Music profile




The versatile musician and accomplished instrumentalist, Mihai Sturza, started his musical journey in 2000, when he had the fortune to study sitar and vocal music under Pt. Gopal Pathak. Pt. Gopal Pathak, a master in Sanskrit as well as in sitar, imparted his knowledge of music as well as mythology and philosophy, essential in understanding Indian classical music, deeply rooted in spirituality.
In 2003 he studied further harmonium under the famous violinist and composer Pt. Prabhakar Dhakde in Nagpur, Maharashtra, exponent of Patiala Gharana.
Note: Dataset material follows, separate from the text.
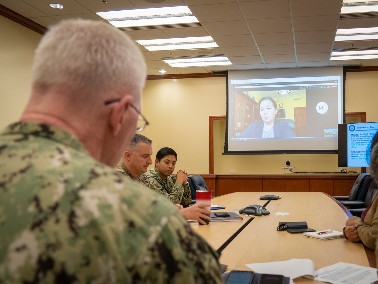 Joint Task Force-Red Hill (JTF-RH) Commander, U.S. Navy Vice Adm. John Wade updates U.S. Rep. Jill Tokuda on the status of Red Hill Bulk Fuel Storage Facility (RHBFSF) defueling operations at Joint Base Pearl Harbor-Hickam, Hawaii, Oct. 19, 2023. JTF-RH is in the fifth and final phase of its defueling plan, where JTF-RH along with Defense Logistics Agency Energy and Fleet Logistics Center Pearl Harbor, are safely gravity defueling the RHBFSF. This stage consists of defueling approximately 104 million gallons of fuel, with planned strategic pauses for safety checks, and transporting the fuel to various locations throughout the Pacific. JTF-RH continues to work in collaboration with state and federal regulators to ensure proper oversight throughout the defueling process. (DoD photo by U.S. Air Force Staff Sgt. Orlando Corpuz)

The trip to India inspired and expanded Mihai’s musical horizons and 2004 marks Mihai Sturza’s encounter with a new Indian instrument- bansuri (bamboo flute). He therefore went in Bangalore, Karnataka, to get the finer points of bansuri with Shri Shaktidhar Iyer, a young maestro, disciple of the bansuri and shehnai legend Pt. Rajendra Prasanna, whom he met in Bangalore. Deeply immersed in the ocean of Indian classical music, Mihai Sturza approaches music humbly, taking every opportunity to learn and understand music, considering himself an eternal student of classical music, which stands like an endless ocean before him. He is recognized as one of the accomplished instrumentalists of the younger generation, mastering with equal grace the sitar and the bansuri, playing also tabla and harmonium.
He held hundreds of concerts in Romania and India, as well as in the whole Europe (France, Belgium, Spain, Germany, Italy, Austria, Hungary, etc ), with the musical group „Sangeet Lahari” (which he founded in 2001, playing vocal and harmonium). In 2003 he released the album „Ananda Lahari”. Since 2010 he had numerous concerts as a solo artist, playing bansuri as well as sitar. He was invited in China in 2014 where he toured 9 cities, playing bansuri.
He toured Romania in 2013 and 2016 with renowned artist Mahua Mukherjee, an exponent of Patiala Gharana, providing bansuri accompaniment.
The scientific training he was exposed to, his own self research which spans over a period of almost 20 years, blended with his dedication and commitment, make him one of the very few Indian classical artists of foreign origin, in the instrumental field (both sitar and bansuri).